- Ijarah refers to a contract that transfers ownership of a permitted usufruct and/or service for a specified period in exchange for a specified consideration.
- Ijarah is a binding contract which shall not be terminated unilaterally by any of the contracting parties.
- The asset and usufruct shall be owned by the lessor.
- The rental shall be determined and agreed at the pint of execution of the ijarah contract.
- The rental may be determined by fixed amount, specified benchmark or specified formula or combination of both, as agreed by the contracting parties.
- It offers fixed rate financing; you pay at the same rate monthly.
- Ijarah is inflation friendly. As the costs go up over five years, you still pay the same rate as when you began the lease.
- There is less upfront cash outlay; you do not need to make large cash payments for the purchase of needed equipment.

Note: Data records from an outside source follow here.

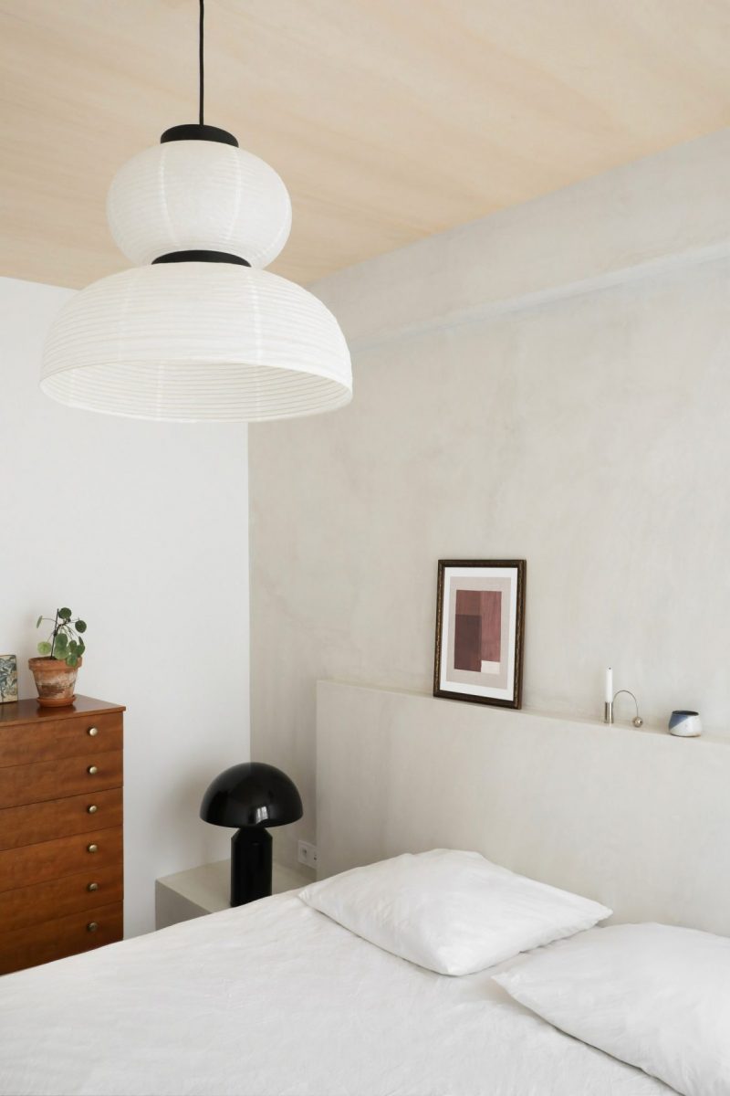 The serene primary bedroom features an Oluce lamp, a Ferm Living candleholder, and an &Tradition pendant lamp.
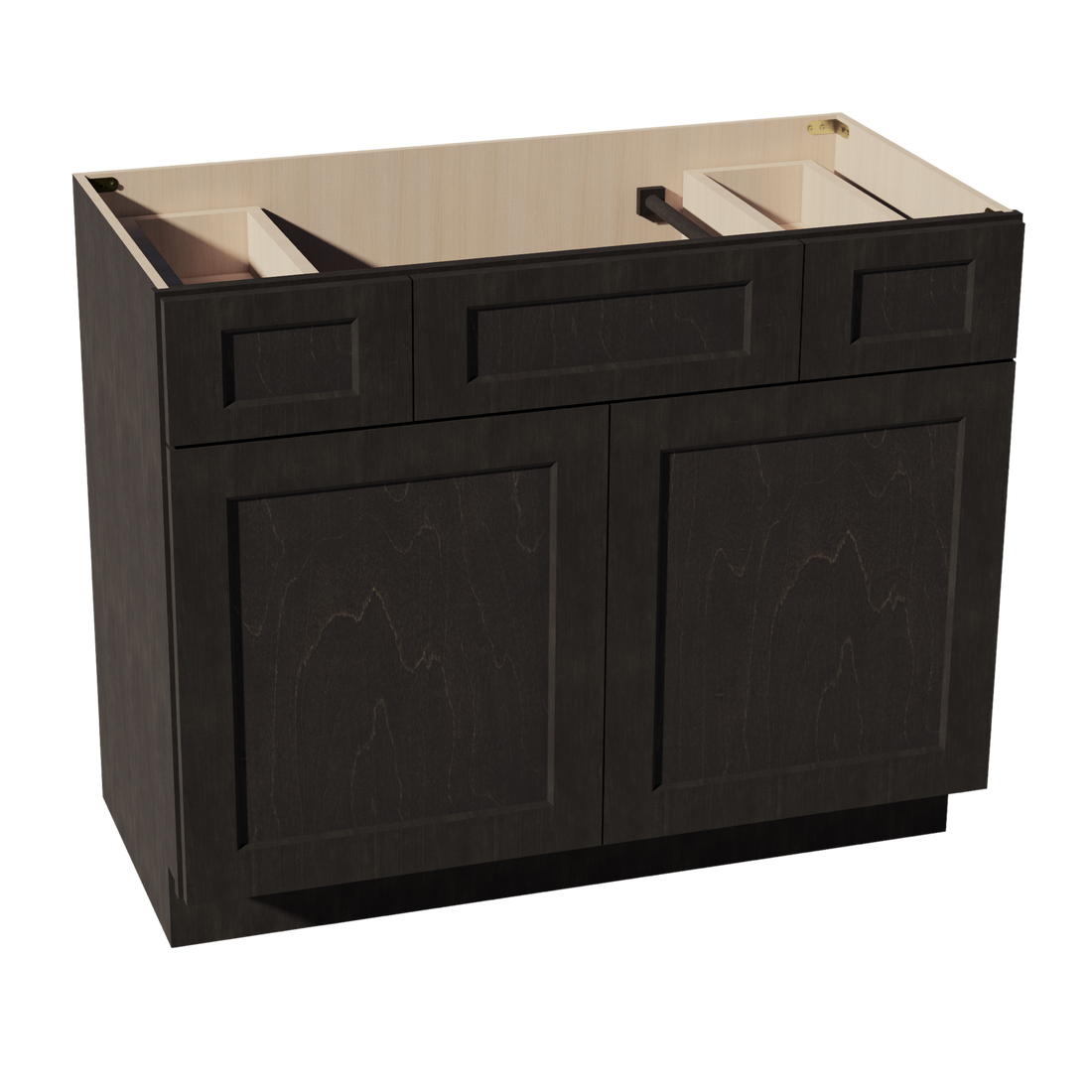 HG-VSD4221: Dark Gray Shaker 42"W x 34-1/2"H x 21"D 2 Doors, 2 Drawers & 1 False Drawer Centered Vanity Sink Base Cabinets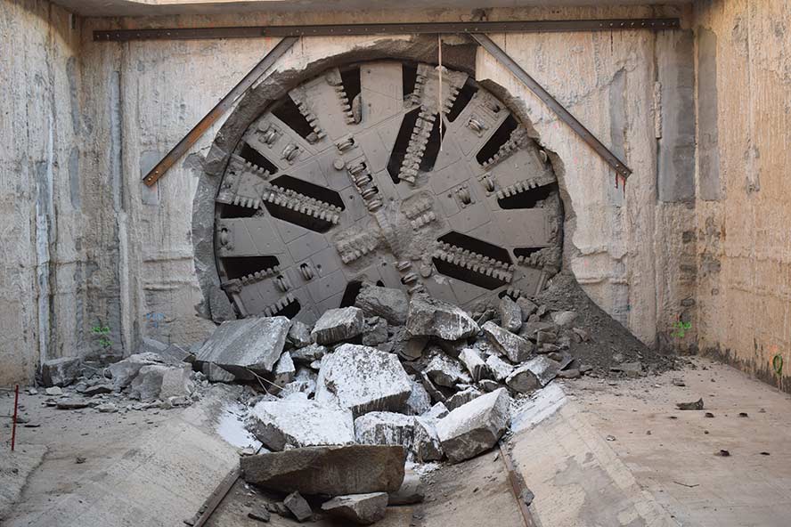 Moment en què la tuneladora perfora el darrer tram del túnel entre les dues terminals. (FOTO: Adif)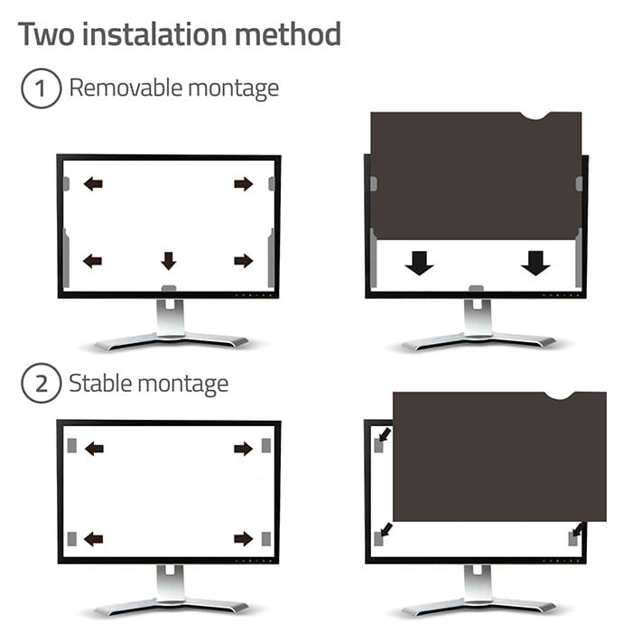 | Informacje dodatkowe: | Możliwe dwie techniki zamontowania: - trwały montaż umożliwiają transparentne samoklejące paski, które są montowane bezpośrednio do ekranu, - montaż tymczasowy umożliwiają transparentne prowadnice, które montowane są na ramie monitora. Opcja ta umożliwia łatwy demontaż filtra. |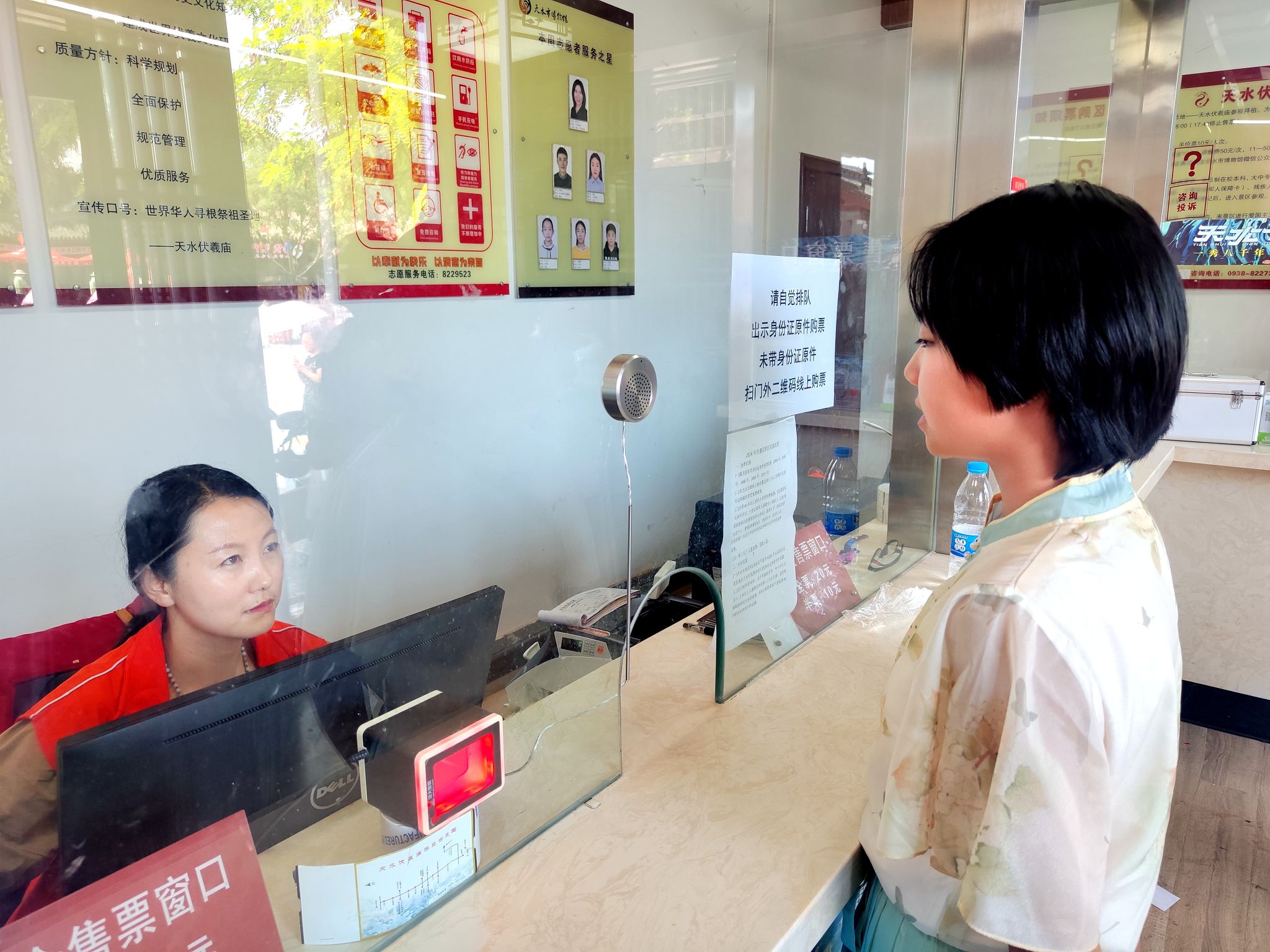 自6月下旬起,天水市博物馆陈列展馆、伏羲庙景区游客量持续增高,伴随着三伏天的高温风险,为切实保障景区安全管理,给游客提供良好的游览体验,天水市博物馆积极备战,坚守岗位一线,多举措、全方位加强管理和服务水平,筑牢暑期游览安全防线。一是加大巡逻监控力度,对重点要害部位实行24小时布防,与同辖区派出所积极建立联动机制,极大的提高了景区的安全性。二是严格消防安全管理,邀请相关公司对消防设备、防雷设施、电气线路进行检查检测,确保景区设备正常运转,完好有效。三是对重点岗位人员进行安全知识培训,加大突发事件处置的演练,提升工作人员安全意识,提高处置突发事件能力。暑期期间帮助游客认领丢失手机40余部,帮助走失小孩找回家人20余起,为游客提供医疗帮助10起,帮助游客认领丢失身份证30余个,制止游客纠纷15起。四是定期检测水电安全,并及时储备防汛物资,做好夏季防汛工作。五是为游客提供防暑等便民用品。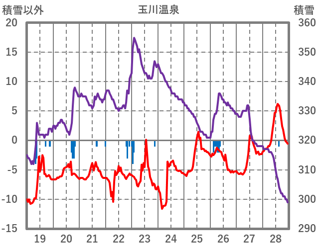 | 日 | 時 | 気温 | 降水 | 風向/風速 | 日照 | 積雪 | 降雪 |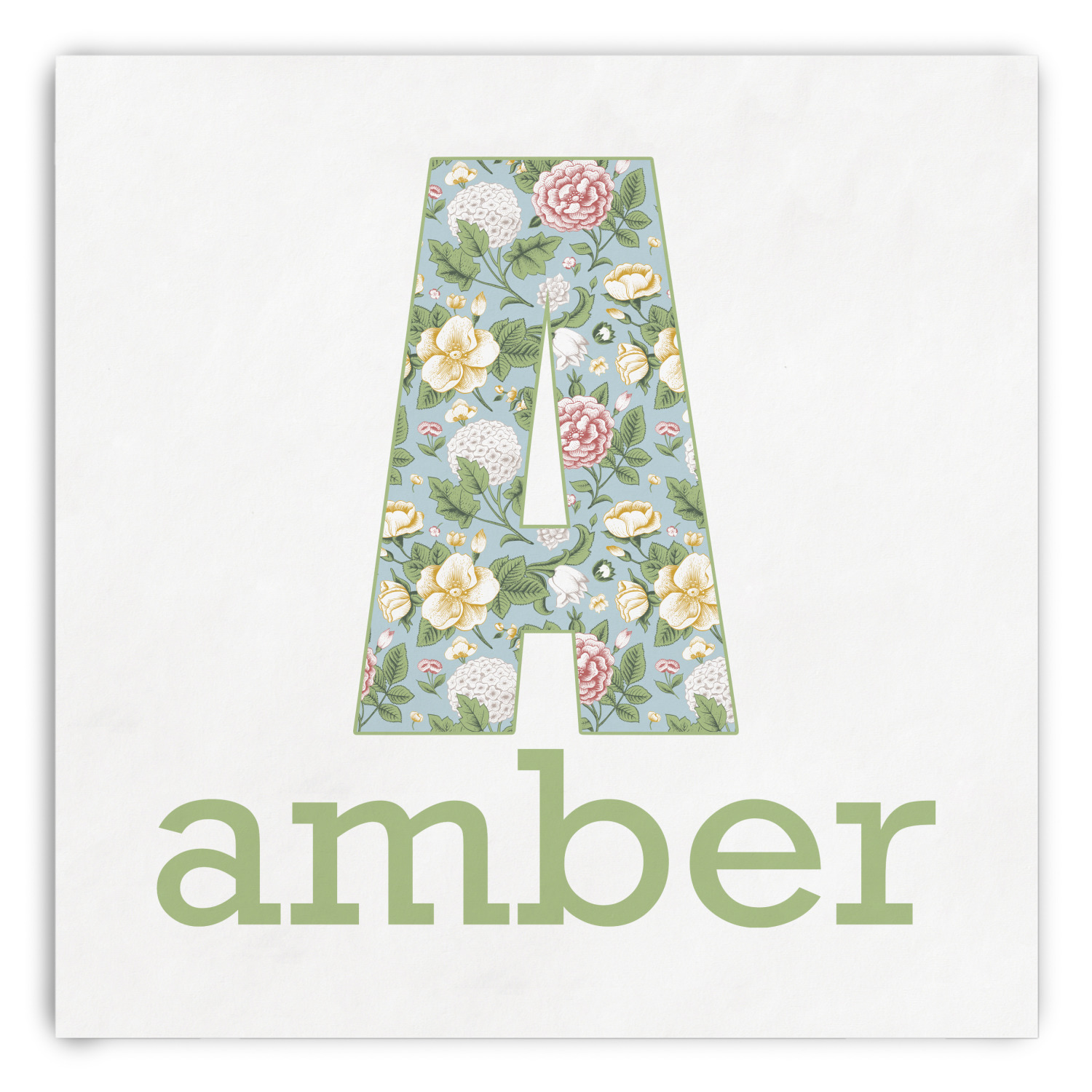 The vintage flowers in this design are cream colored magnolias, surrounded by olive green leaves on a demure blue background. The design has a classic ribbon in olive green trimmed in white. The decorative scalloped label is in white and is the perfect place for your monogram for that personal touch to pull the entire design together.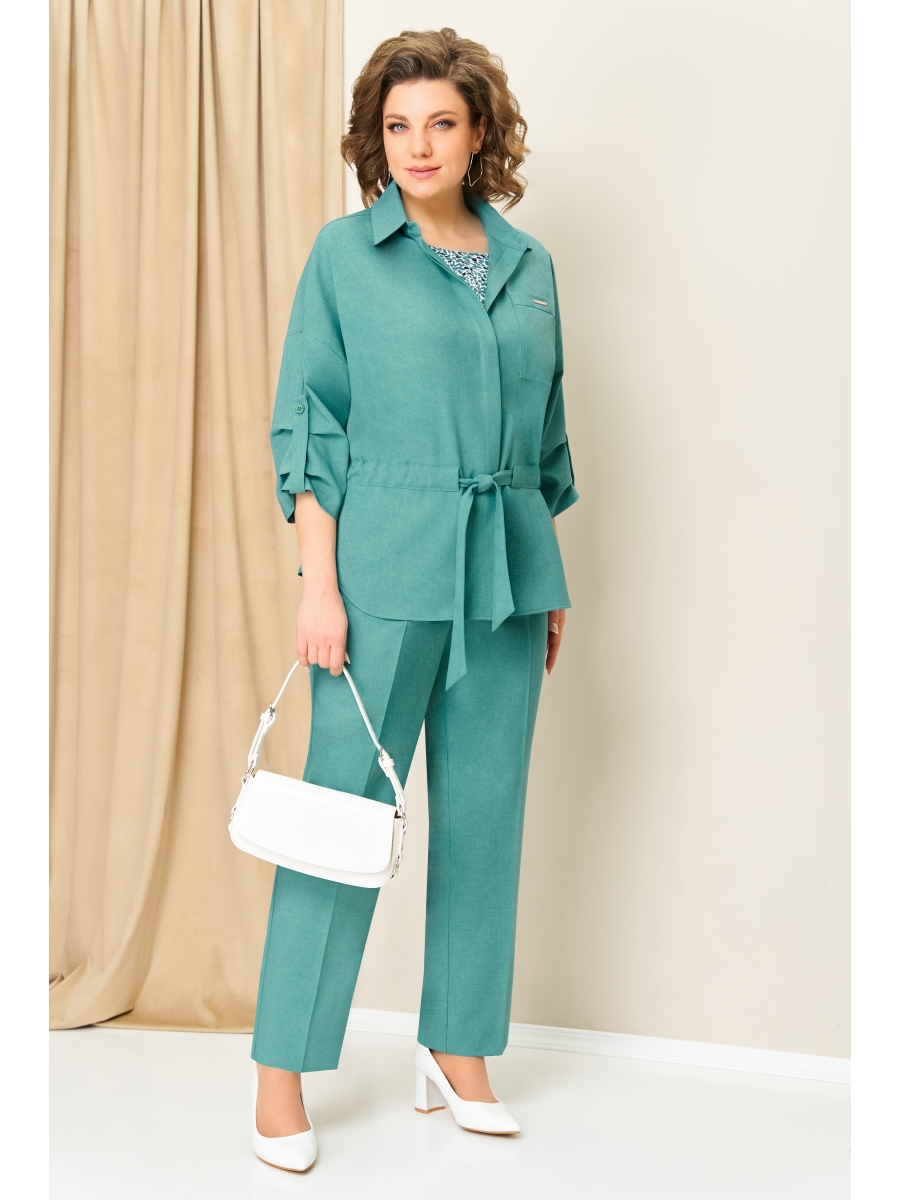 Жакет на потайной застежке, с пришивной кулисой и поясом, прямые классические брюки и блуза- универсальный комплект для различных вариантов носки. Элегантный рукав с патой на цельнокроеной основе.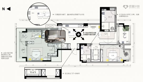 在接触到业主,并深入了解后,陈灵飞并没有选择按照原来的设计思路,而是重新根据业主的家庭需求进行设计的调整。陈灵飞介绍道:“他们住在靠湖的边上,我把卫生间全部都外拓了,来打造衣帽间,然后把他们的书房和梳妆台全部都结合在一起,让他们有更多能够接触的机会。”同时,陈灵飞也在观察业主之间的意见分歧,并从中寻找到了一丝共性,那就是有分歧的夫妻两人其实都很喜欢沐浴时的安宁。“我就利用了这个共性给他们做了一个超大的浴缸,把原来的景观阳台接入到了卫生间里面。”陈灵飞认为,最重要的是去找到业主亲密关系中的平衡点。
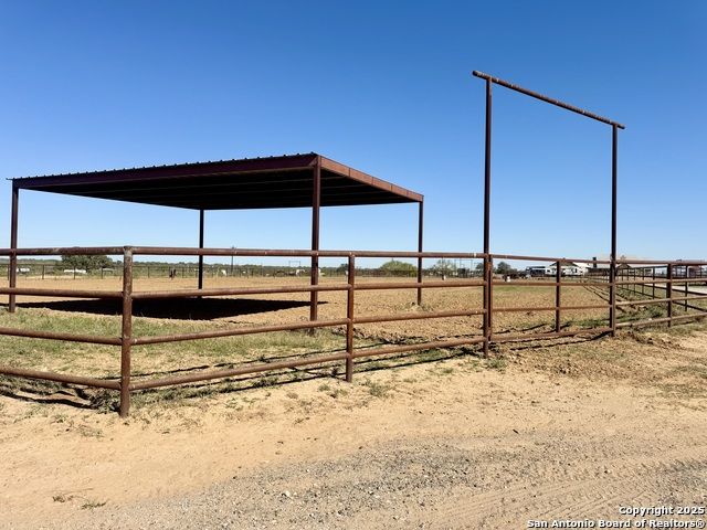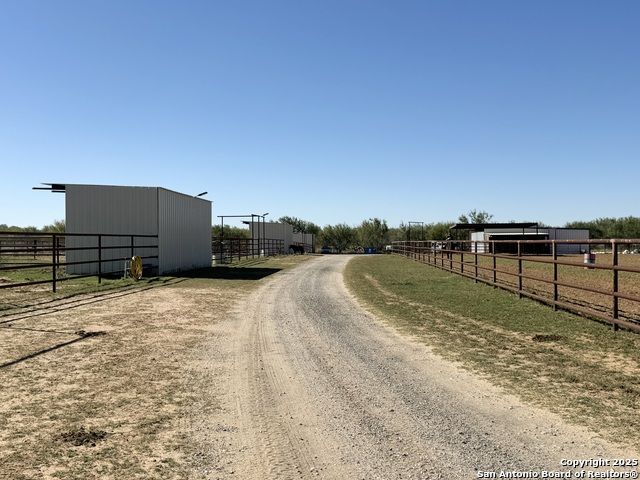 Pristine 4 bedroom, 3.5 bath, 2795sq ft. custom house that sits on top of the highest point on the property on 13.2 in Frio County. Large extended back patio, over-sized garage/carport, inground large fiberglass pool with shade structures, full size rodeo/roping arena with pens, 5 horse pens with stalls, 2 shaded dogs kennels, tack room, large hay/equipment barn, chicken/goat coops, fenced, cross fenced, and cattle guards. Interior of home has vaulted ceilings, large rock fireplace, cypress oak cabinets and doors, office with walk in safe, oversized bedrooms, large kitchen with tons of cabinets and storage space. Ag exempt, Devine ISD schools and located close to IH 35. Additional connected lots on each side available!! 10.5 & 10.98 acres for a combined acreage of 34.68

- Ijarah better utilizes equipment; you lease and pay for equipment only for the time you need it.
- There is typically an option to buy equipment at end of lease term.
- You can keep upgrading; as new equipment becomes available you can upgrade to the latest models each time your lease ends.
- Typically, it is easier to obtain lease financing than loans from commercial lenders.
- It offers potential tax benefits depending on how the lease is structured.
For this reason Ijarah is very advantageous. Ijarah can also help you enhance your status to the lending community by improving your debt-to-equity and earnings-to-fixed assets ratios. There are a variety of ways in which ijarah can be structured. This provides greater flexibility so that the lease is structured to best accommodate the individual cash flow requirements of a specific business.